---------- Raw data ----------

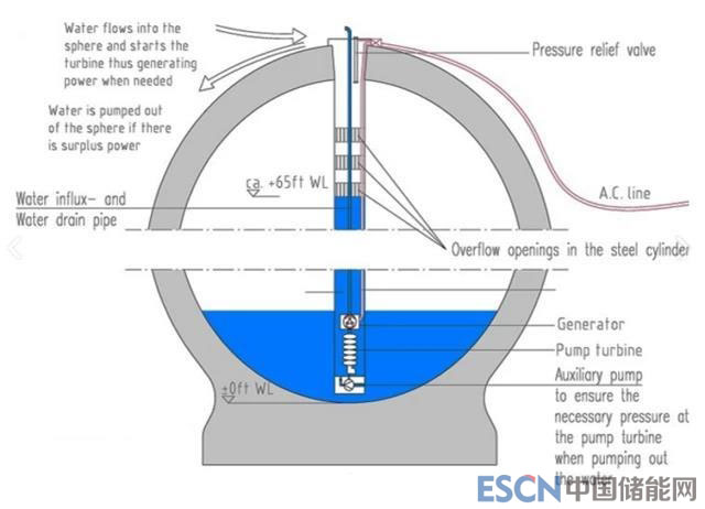 StEnSea項(xiàng)目為安裝在海底,可與海上風(fēng)電場聯(lián)接的大型儲能設(shè)施。其儲能原理類似于常規(guī)抽水儲能電站的物理原理,但其儲能主體為多個(gè)內(nèi)直徑30米的混凝土空心球。這些球會被放在600~800米深的海床上。每個(gè)球里都有一臺水輪發(fā)電機(jī)和一臺水泵。
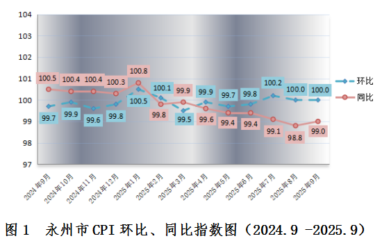 2025年9月份,食品供應總體充足,永州居民消費價格(CPI)同比價格下跌1.0%,環比價格持平。
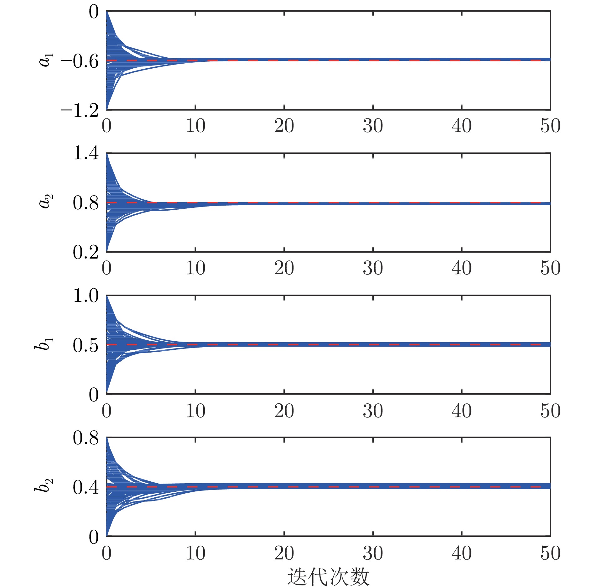模型参数 真实值 均值 标准差 $ {{a_1}} $ − 0.6000 − 0.5860 0.0045 $ {{a_2}} $ 0.8000 0.7872 0.0033 $ {{b_1}} $ 0.5000 0.5028 0.0068 $ {{b_2}} $ 0.4000 0.4037 0.0080 表 5 自我验证的RMSE和$ {\rm{R}}^2 $
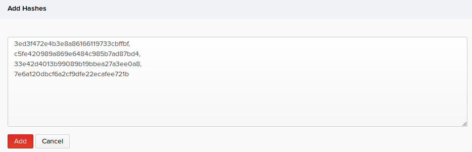 2. Type the MD5 hashes on the right pane (each separated by a comma) and click Add
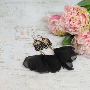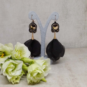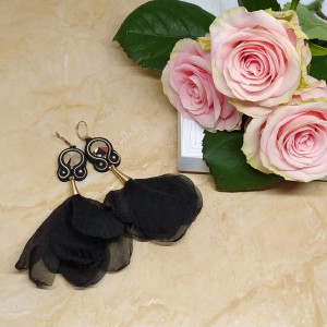 kryształki Swarovski w kolorze rose gold (różowe złoto), czarny sutasz, bigle ze stali chirurgicznej w kolorze rose gold, czarne szyfonowe kwiaty
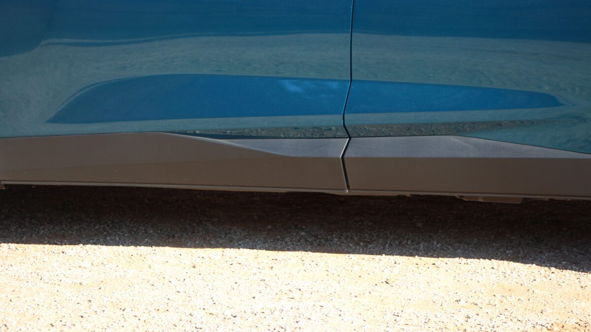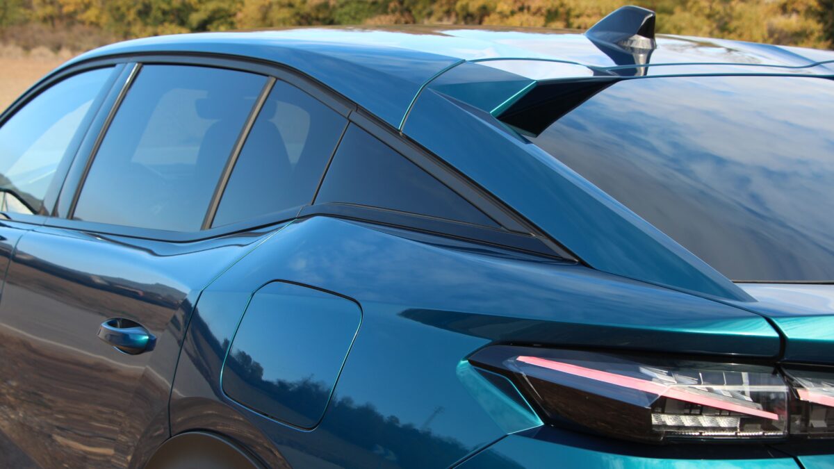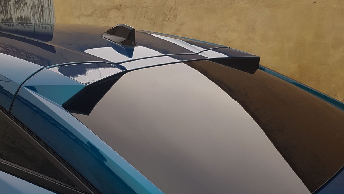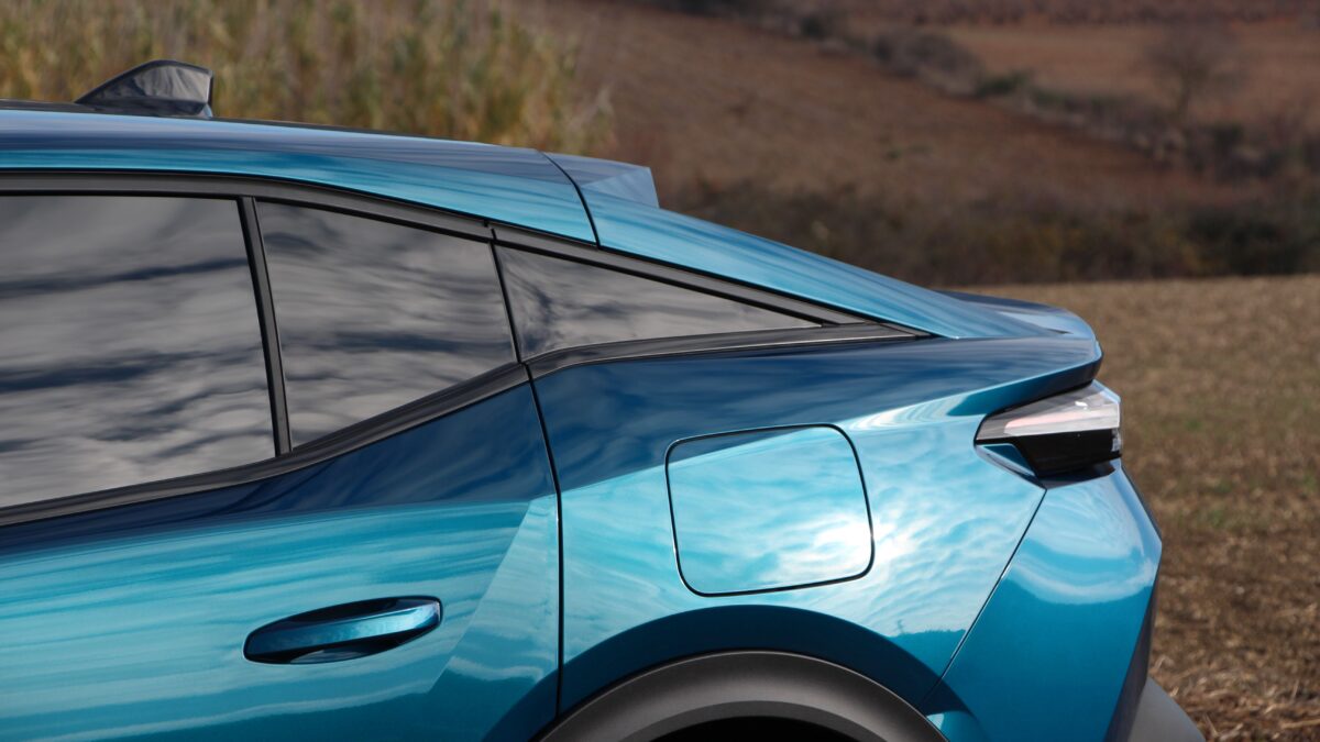 Látványosan zárták le a C-oszlopon az oldalablakok ívét. A fényezetlen hátsó lökhárító sem hat idegenként
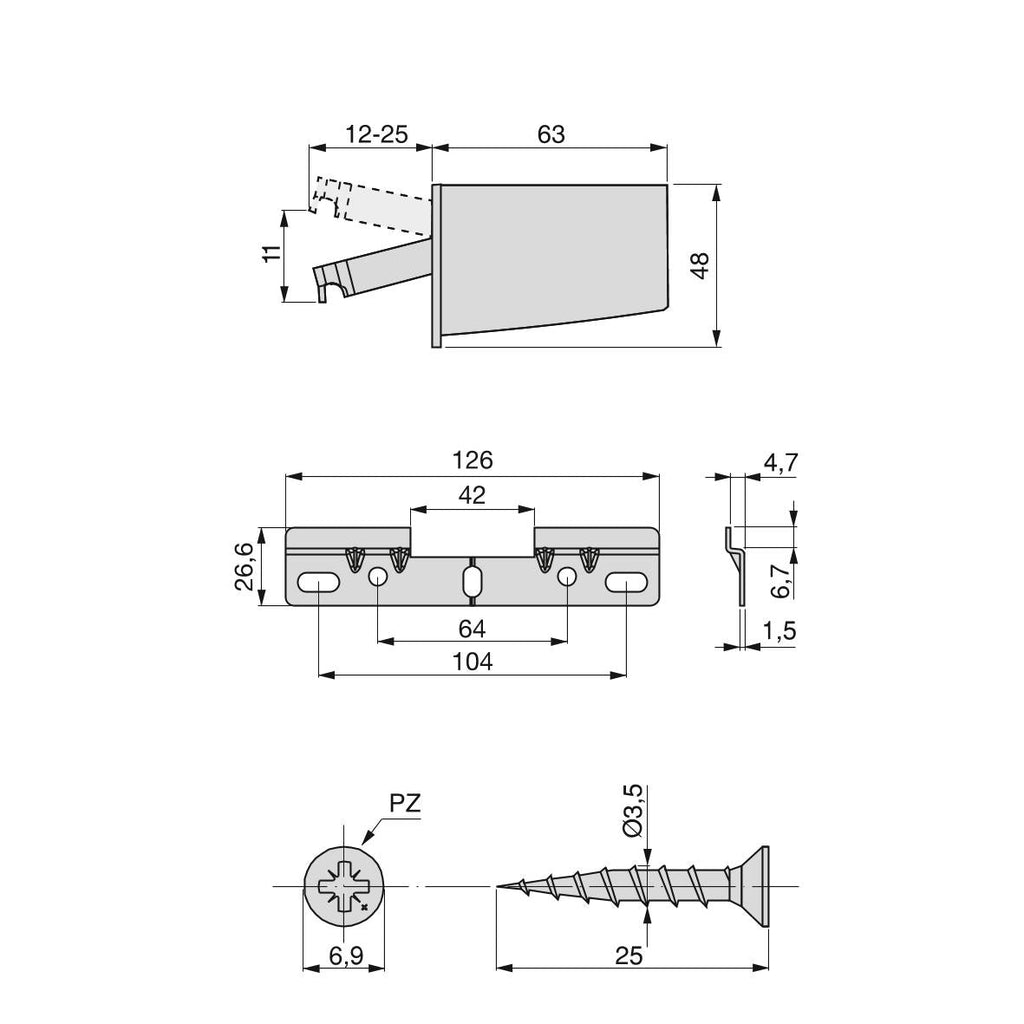 - La collocazione dei reggipensili sulla parete si realizza mediante piastrina inclusa.
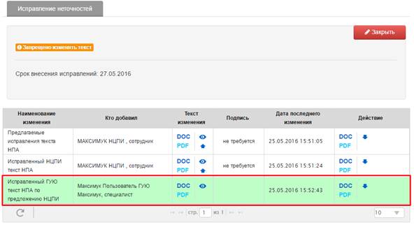 Документ, загруженный от имени пользователя ГУЮ, выделен зеленым цветом, если он соответствует документу, предложенному НЦПИ (т. е. ГУЮ согласился с текстом НЦПИ). Если документ не выделен зеленым, специалист ГУЮ загрузил собственный документ.

----------

Keeping both end lines, retype exactly the lines from the first line of the material through the line that contains "模型参数 真实值 均值", but not the pictures.

# Written solution:
 StEnSea項(xiàng)目為安裝在海底,可與海上風(fēng)電場聯(lián)接的大型儲能設(shè)施。其儲能原理類似于常規(guī)抽水儲能電站的物理原理,但其儲能主體為多個(gè)內(nèi)直徑30米的混凝土空心球。這些球會被放在600~800米深的海床上。每個(gè)球里都有一臺水輪發(fā)電機(jī)和一臺水泵。
 2025年9月份,食品供應總體充足,永州居民消費價格(CPI)同比價格下跌1.0%,環比價格持平。
模型参数 真实值 均值 标准差 $ {{a_1}} $ − 0.6000 − 0.5860 0.0045 $ {{a_2}} $ 0.8000 0.7872 0.0033 $ {{b_1}} $ 0.5000 0.5028 0.0068 $ {{b_2}} $ 0.4000 0.4037 0.0080 表 5 自我验证的RMSE和$ {\rm{R}}^2 $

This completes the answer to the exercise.